Battle Erupts To Restructure Coated Paper Co.

Avenue Capital Group, Apollo Global Management and Oaktree Capital Management are now reportedly hoping to gain control of NewPage Corp., the largest North American coated paper producer.

Bought by Cerberus Capital Management in 2005 for $2.3 billion, the company recently filed for Chapter 11 bankruptcy protection. The Miamisburg, Ohio-based NewPage reportedly has about 6,000 employees working in 16 paper mills in the Midwest as well as in Kentucky, Maine and Nova Scotia. The company blamed its predicament on the general decline of the print magazine industry, rising costs for materials and the $4.2 billion of debt it’s carrying.

For Cerberus Capital, the bankruptcy marks an unwelcome return to negative headline land, coming barely a month after Innkeepers USA Trust sued the firm for backing out of its agreement to buy the hotel company for $1.1 billion. That transaction also puts Cerberus Capital up against Leon Black‘s Apollo Global, whose business development company affiliate, Apollo Investment Corp., bought it in 2007 for $1.5 billion.
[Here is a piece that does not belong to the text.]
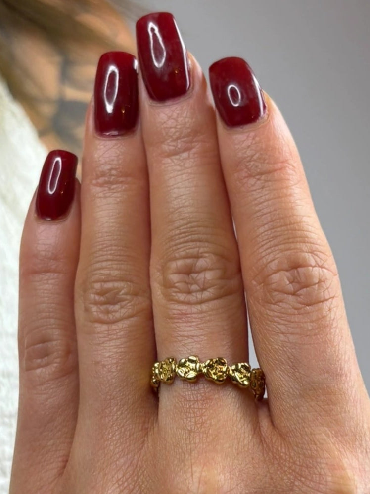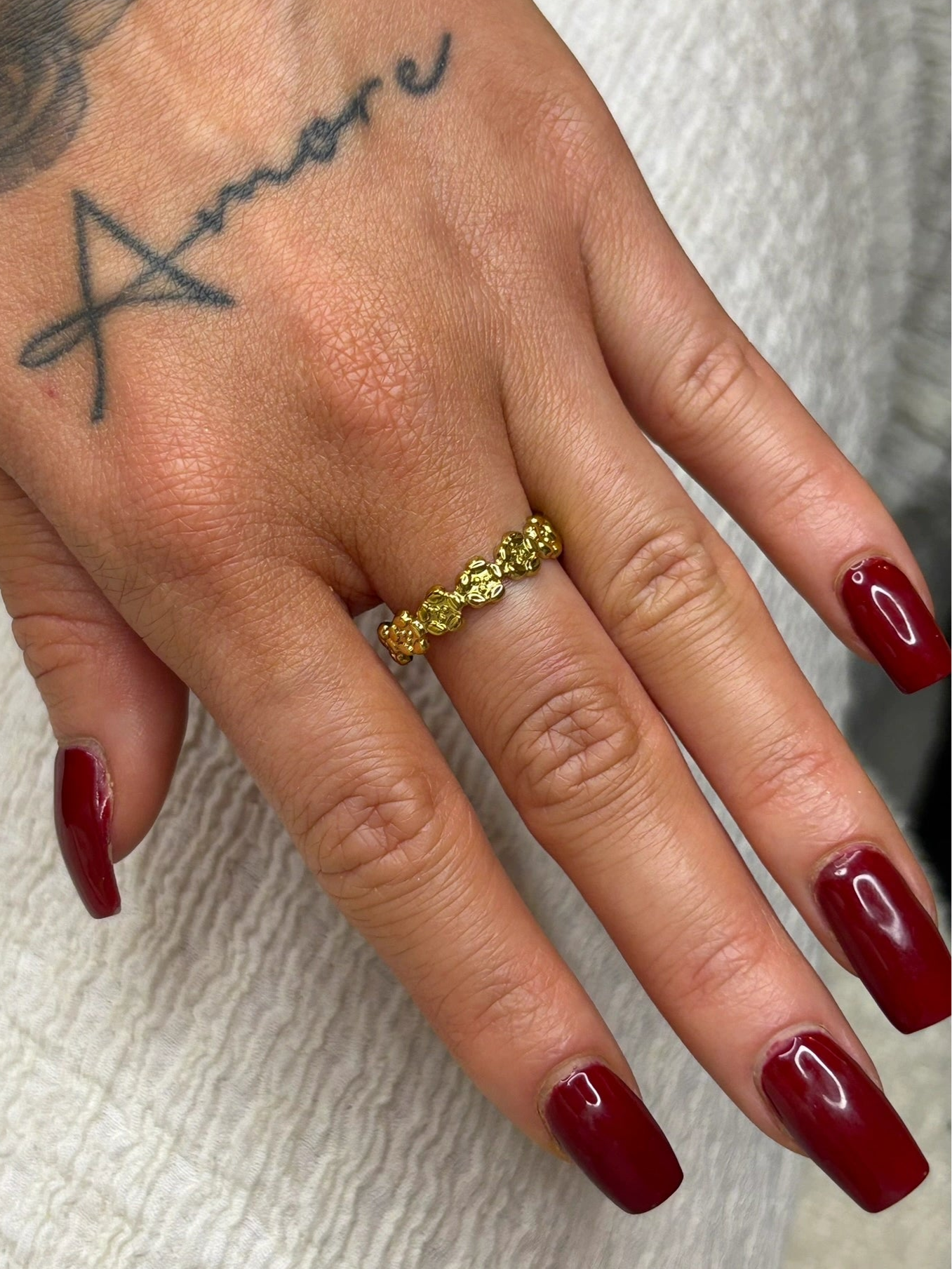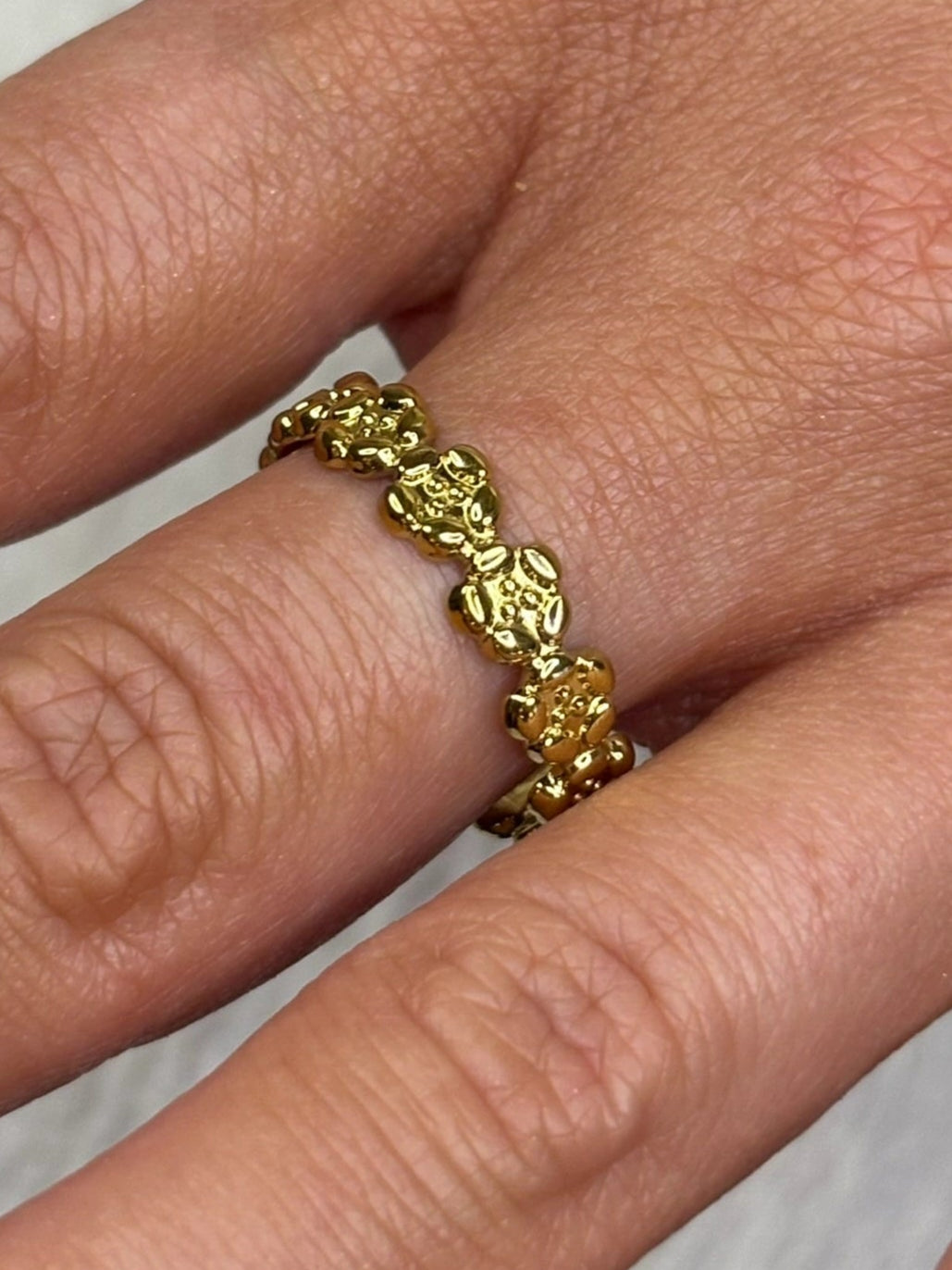 Ornée de délicates fleurs en relief, cette bague dorée adopte une forme irrégulière qui lui confère un style à la fois romantique et affirmé. Son design unique apporte une touche d’élégance vintage à vos tenues, idéale pour sublimer vos mains avec raffinement.
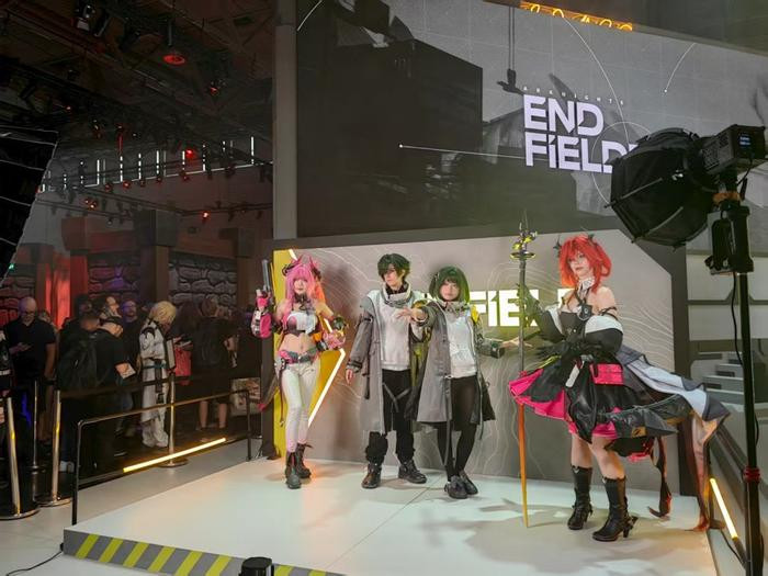 鹰角网络《明日方舟:终末地》展台成为全场的焦点之一,展台将游戏中的元素巧妙融入其中,步入其中,仿佛踏入了游戏中危机四伏却又充满希望的塔卫二世界。周围环境的布置,从荒芜壮阔的异星地貌到充满未来感的工业设施,都高度还原了游戏内的场景,让玩家瞬间沉浸在《明日方舟:终末地》独特的世界观里。巨大的屏幕上循环播放着游戏的宣传影片,展示着流畅的人物动作、酷炫的战斗特效,引得过往玩家纷纷驻足观看。

Apollo Global and Avenue Capital held more than $400 million of the company’s $806 million of second-lien bonds, according to an April Bloomberg story on the company’s efforts to restructure its debt. Both firms already have investments in the space: Apollo controls Verso Paper, a Memphis, Tenn.-based coated paper producer it bought in 2006; while Avenue Capital is a lender to AbitibiBowater, a Montreal-based producer of coated and other forms of paper.

Despite the existential struggles facing the magazine industry, NewPage could be profitable if it had less debt, said Jonathan Friedland, an attorney with Levenfeld Pearlstein who works on distressed deals for sponsors. “The situation appears to be a classic balance sheet restructuring,” Friedland said. “I’m not suggesting the business is not in decline. Still, even dying businesses can be good to own for the right price.”

Friedland compared the NewPage situation to Musicland, the operator of Sam Goody music stores that Friedland advised in its 2006 Chapter 11 bankruptcy filing. “We closed many of the stores but sold the vast majority of the company to a strategic buyer,” Friedland said. “No doubt the buyer understood that the days of the mall record store were numbered. But it estimated what it thought the number would be and priced the purchase off that number. Once NewPage’s capital structure is rationalized, it can make money for a new owner.”

NewPage had sales of $1.8 billion in the first half of 2011, up slightly from a year earlier, according to securities filings cited by sister news service Reuters. It suffered a net loss of $220 million in the first half, narrower than the year-earlier loss of $349 million, Reuters reported.

Executives at Cerberus Capital declined to comment. Executives at Avenue Capital, Apollo Global and Oaktree Capital did not respond to requests for comment.